The best method I have come up with when first coming across a game is to check creator's previous work or see if the game has videos on it.If it does and I like what I see.I will download it and put it through couple of antivirus scans

The scammers try to fake everything. But what is hardest to fake is an alive community. This is especially hard on new developers, since they struggle to garner a community of players.

They know why they publish their scams on hacked accounts. Those look a bit alive and are older, some even with published projects and a dozen or more followers. Payment options are also in the account, so there are paid and pay what you want scams around.

The scams uploaded here often do not get detected even on virustotal, where they use like 70 different scanners... 

Sandboxing seems the way to go for not yet trusted developers.

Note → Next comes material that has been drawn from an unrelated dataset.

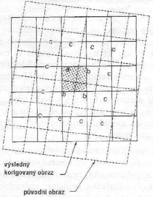 transformace DN hodnoty každého pxelu z původní souřadnicové soustavy do nové, až po rektifikaci

I am bit hesitated to use sandbox but I will keep that in mind.I also check the comments in the games though its hard for me to tell because for all I know the scammer could make fake account and fake alive community who loves this game....that's what scares me the most about downloading stuff from here

Deleted post

I am tired. My collection of abuse of Itch's service has over 500 entries :-(

And there is not any sight of improvement of the situation. Not only are most scams on hacked accounts, - let that sink in for a moment - Itch takes too long to act upon reports. In the meantime the scam pages get indexed on actual internet search engines. Some even garner followers on Itch.

If people look for games, Itch ranks very high in the results. Just recently I found as result #1 the Steam page and #2 the scam page on Itch.

There are different kinds of scams or shall I say malware delivery schemes. One nasty bit I saw recently used a children's franchise to promise a game. I would very much like to know how long the acceptabe timeframe is, to remove crap like this after a report. And as a hint, there is a filehoster that does this within an hour. And google & co will take also a few hours or less to feature scams on their search results. So how long?

I guess the scammers use some loopholes, but still, something should be done. How many hacked accounts are acceptable? I would not beat that drum so much, if the scams were just posted on fake accounts. But seeing them on hacked accounts is heart breaking.

Oh, and if I look at scams and non-scams and their gain in followers, there obviously are many people mistrusting the scams. If you suspect a bad actor, please hit that report button and write to itch why you think the project is fishy. Their automated systems obviously did not catch it, otherwise it would not have been indexed, so they need to get reports on the scam. I really did see some scam indexed for months with people talking in comments about it being a scam.

It currently is better. I hope that sticks and means that Itch catches them much earlier, and does not just mean that the scammers hide the scams in other ways or other places. Or are on a holiday.

Automatic checks can only cover so much, so if you have reason to believe something illicit is going on, you should report it with your reasoning.